Autonomous Camera Assistance for Dexterous Telemanipulation
Project Description
This page outlines the initial research work that I performed at Worcester Polytechnic Institute on the subject of autonomous camera assistance for dexterous telemanipulation task completion. This work aimed to design a viewpoint selection algorithm that would maximize image saliency in the frames shown to the teleoperator. This algorithm was implemented on the Trina2 system developed in the human-inspired robotics (HiRo) laboratory at WPI. This robot features two 7-DOF arms on a mobile robot base. These arms each have a gripper and eye-in-hand camera. The right arm was used as the autonomous camera arm and would seek out a viewpoint that maximized image saliency for the teleoperator. At the same time, the right arm was used as the manually controlled arm for completing the given telemanipulation task. The task designed to demonstrate the effectiveness of saliency maximization was a wall crack repair/inspection. In this task, the user would manually guide the manipulator arm over the cracks within the wall to "repair them", while the autonomous camera arm would seek to maximize saliency within the images selected. The cracks are highly salient as compared to the rest of the wall, so choosing viewpoints that maximize the saliency in a given image should also maximize the cracks seen within a given image. The robot positioned within the tasking environment in the Gazebo simulation environment can be seen in the figure above.
Flask Web-Based Graphical User Interface
Once the robot was found to be set up correctly within the Gazebo environment, a custom GUI was implemented to allow for direct control of the end-effector's degrees of freedom. This GUI used a web frontend/backend software architecture. In this way, the front end could be easily modified to run on a tablet, mobile phone, or a standard computer, and the back end would work with the front end in each of these cases. The front end was designed using HTML/CSS and JavaScript. The backend was implemented using the Flask micro-service framework, standard ROS packages, and Python bindings. The backend outputs the current state of the front end by publishing standard sensor_msgs/Joy messages over the /virtualJoystick topic. This allows the GUI to be easily extended into other works and applications. The software architecture diagram of the web GUI along with a demonstration video of user input actuating the robot's end-effector Pose can be seen below. The developed software used to run the frontend and backend components of the webGUI can be found in the ROS package here.

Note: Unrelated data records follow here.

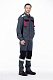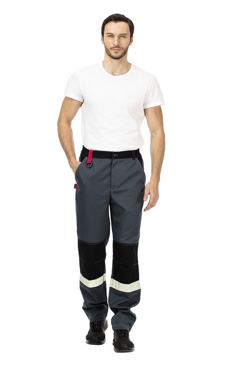 Брюки с застежкой на гульфик с молнией и пуговицей на поясе. Пояс со шлевками для ремня, одна из них из отделочного материала с пластиковым полукольцом для крепления карабина или пропуска. Регулировка объема по талии - за счет боковых вставок с эластичной тесьмой. На передних половинках верхние карманы с боковым входом. На задних половинках верхние накладные карманы с фигурными клапанами, а также петля для инструментов. В области колен - усилительные накладки.
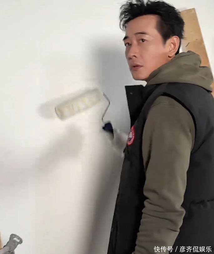 可以看到,画面中的罗先生一开始背对着镜头,手中拿着粉刷墙面的工具,在装修房子。他的身上穿着一件深绿色的连帽卫衣,卫衣的外面还套了一件黑色的马甲,下半身是牛仔裤。
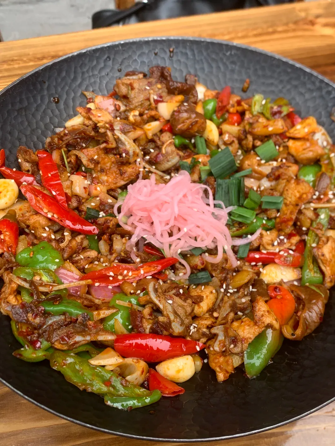 早餐得早一点。张家界人习惯在巷口吃碗米粉,汤底微辣,带股香叶味,粉细滑,一碗下肚,人就醒了。中午若在慈利,一定要试那里的合渣——豆腐渣、蔬菜、腊肉同炖,色不艳却鲜;饭后上山,口里还留着豆香。晚上回到城里,烟火气最重的,是小河边的三下锅。菜、肉、菌三样下锅,一股咕嘟的声响,比广告更诱人。
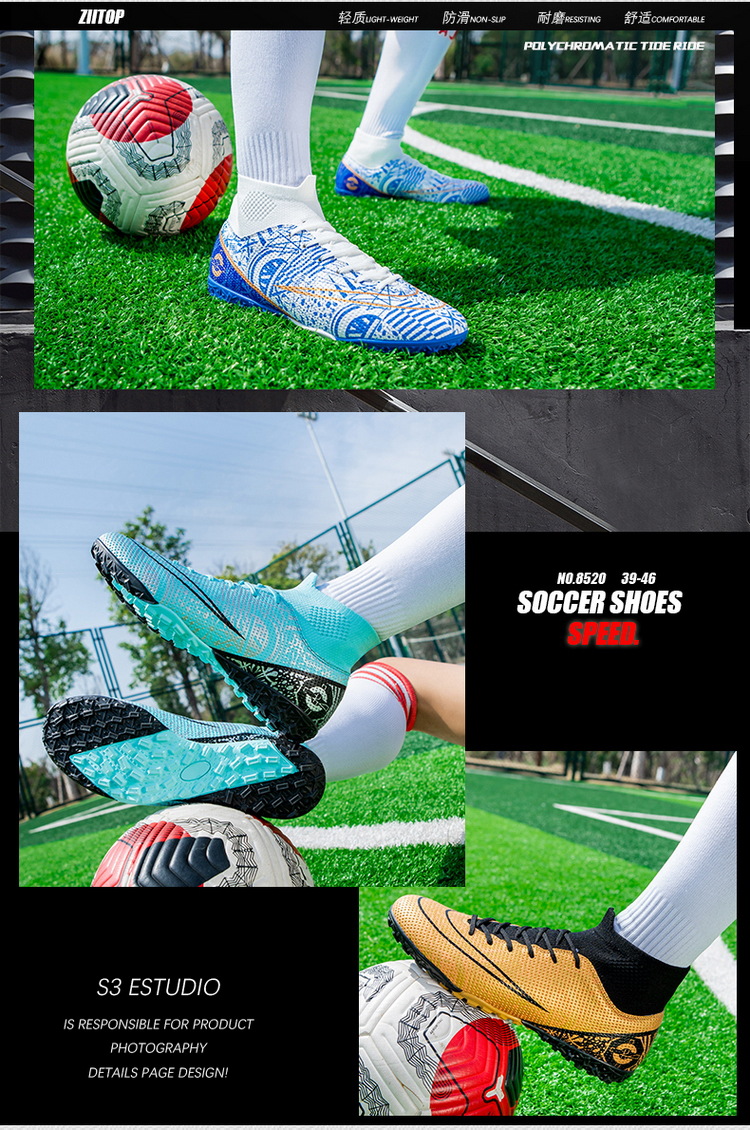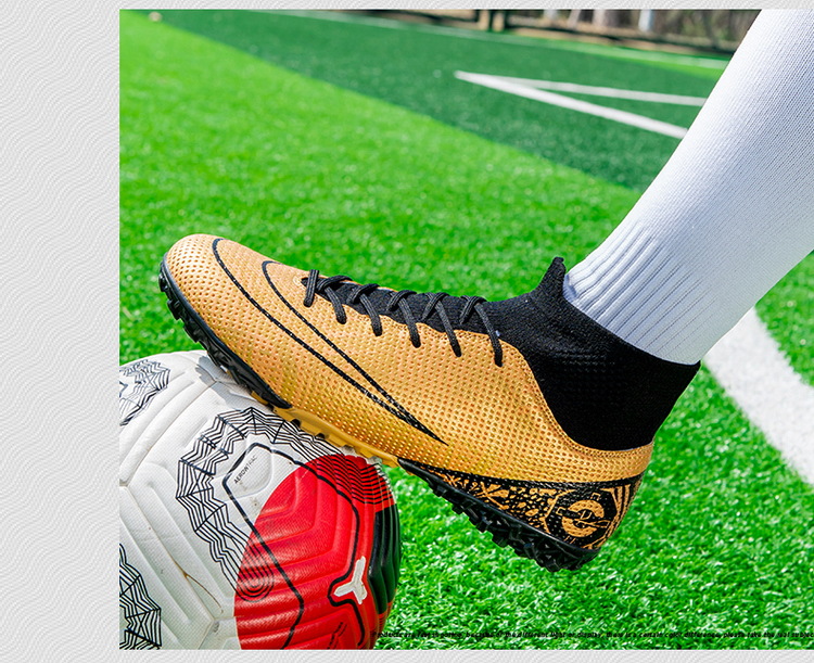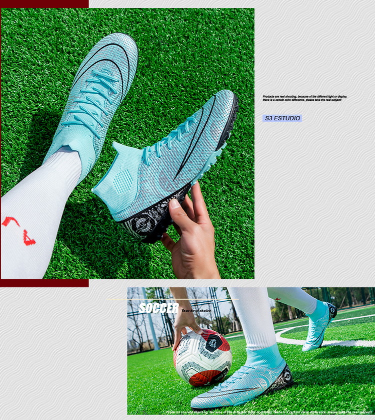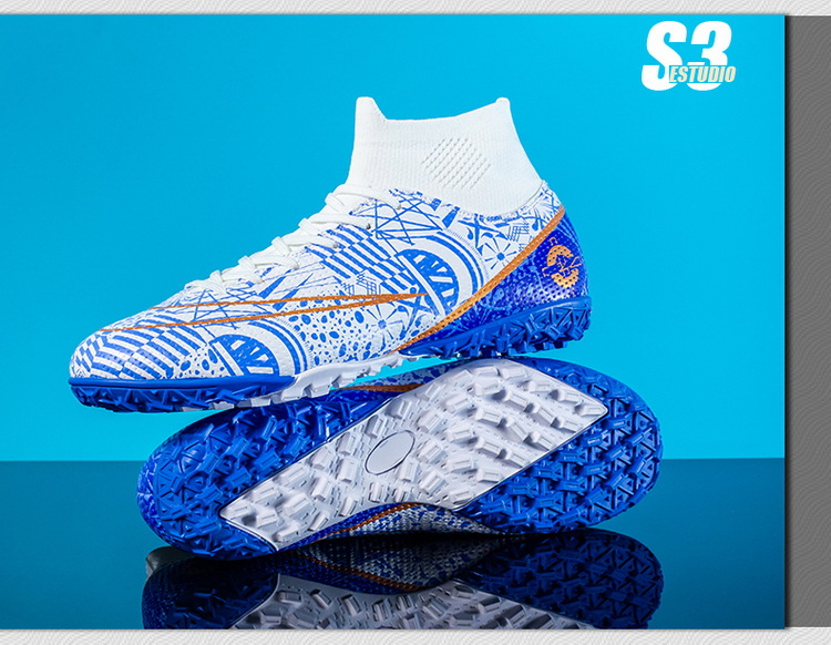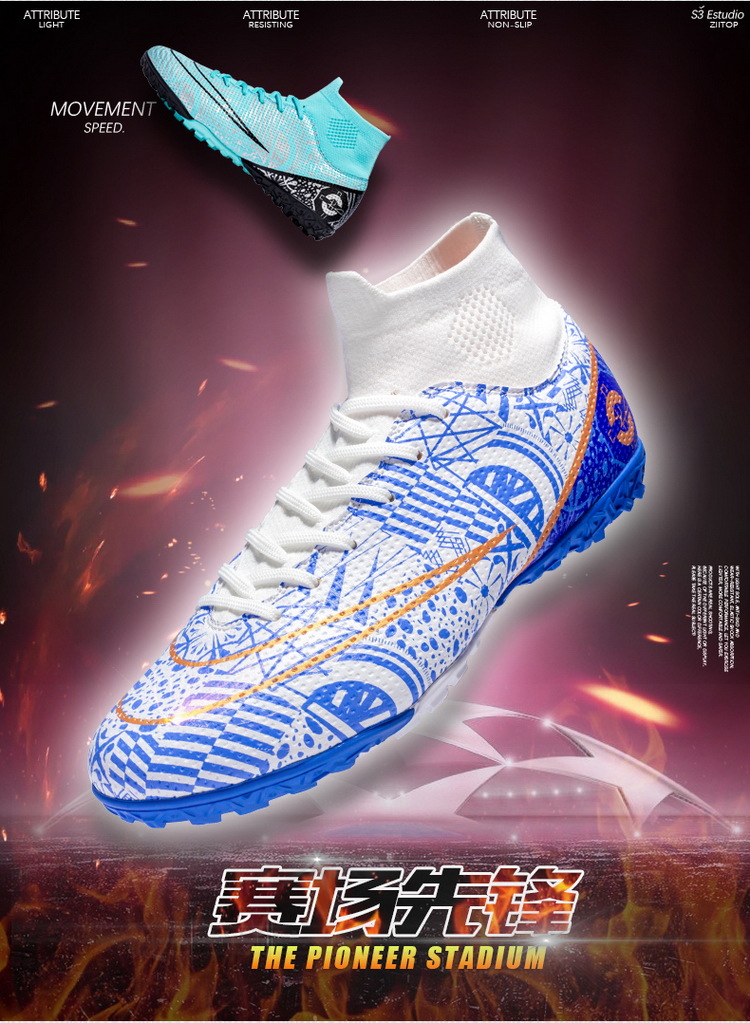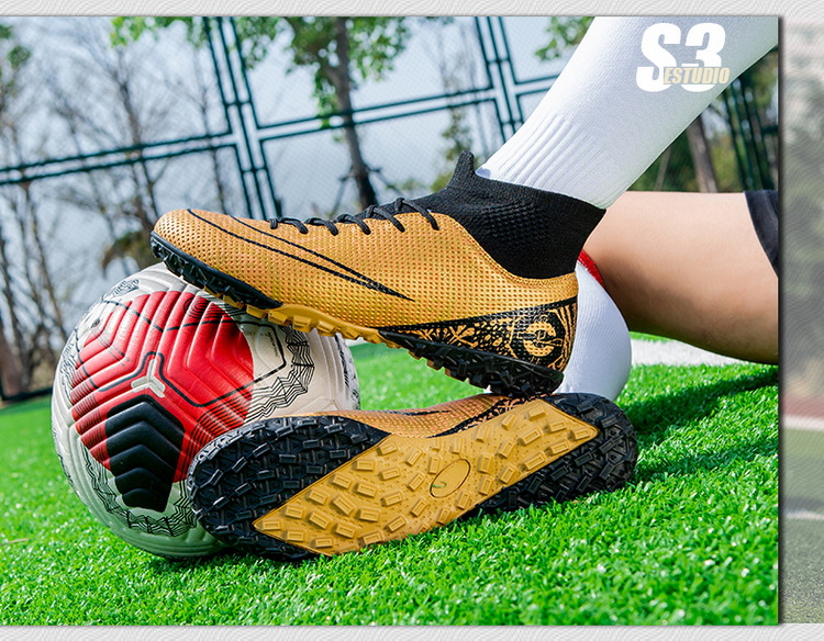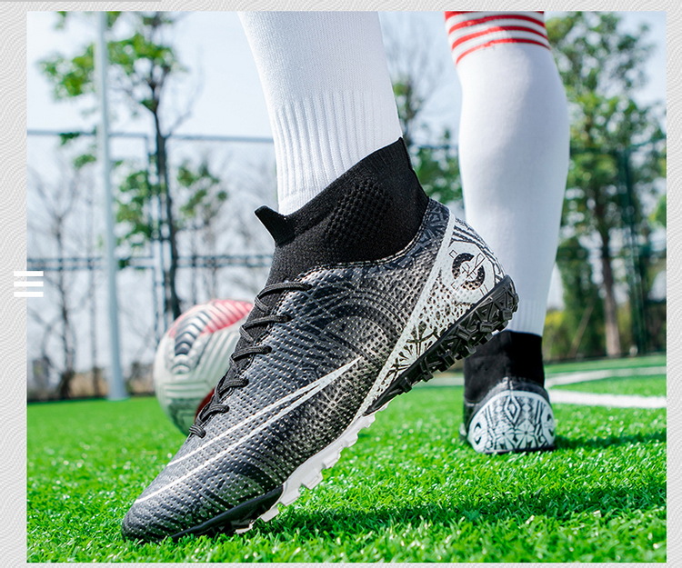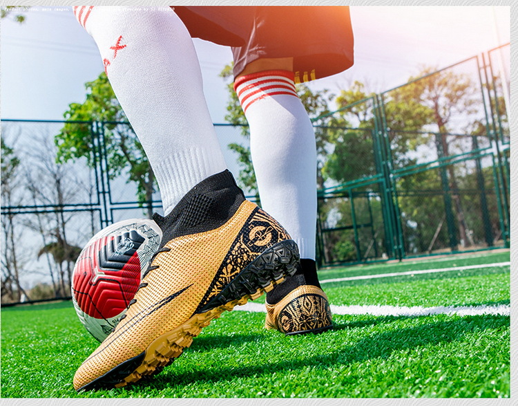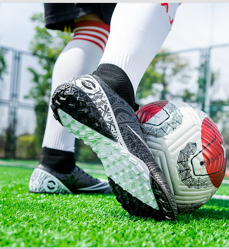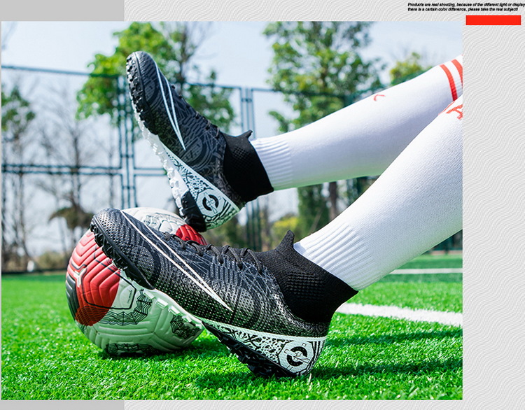 1101 남자와 여자의 축구 신발 하이 탑 비행 양말 입 가죽 스파이크 깨진 손톱 플랫 바닥 전문 경쟁 훈련 운동화

Saliency Maximization Viewpoint Selection Algorithm
The saliency maximization viewpoint selection algorithm was designed as a visual servoing algorithm of sorts. This means that the maximum (or local maximums) of image saliency within the environment were found by incrementally moving in the direction of saliency maximization. If no direction would further maximize the saliency in the selected viewpoint, then saliency was said to be maximized. The developed saliency maximization algorithm can be seen in a flowchart form in the image below.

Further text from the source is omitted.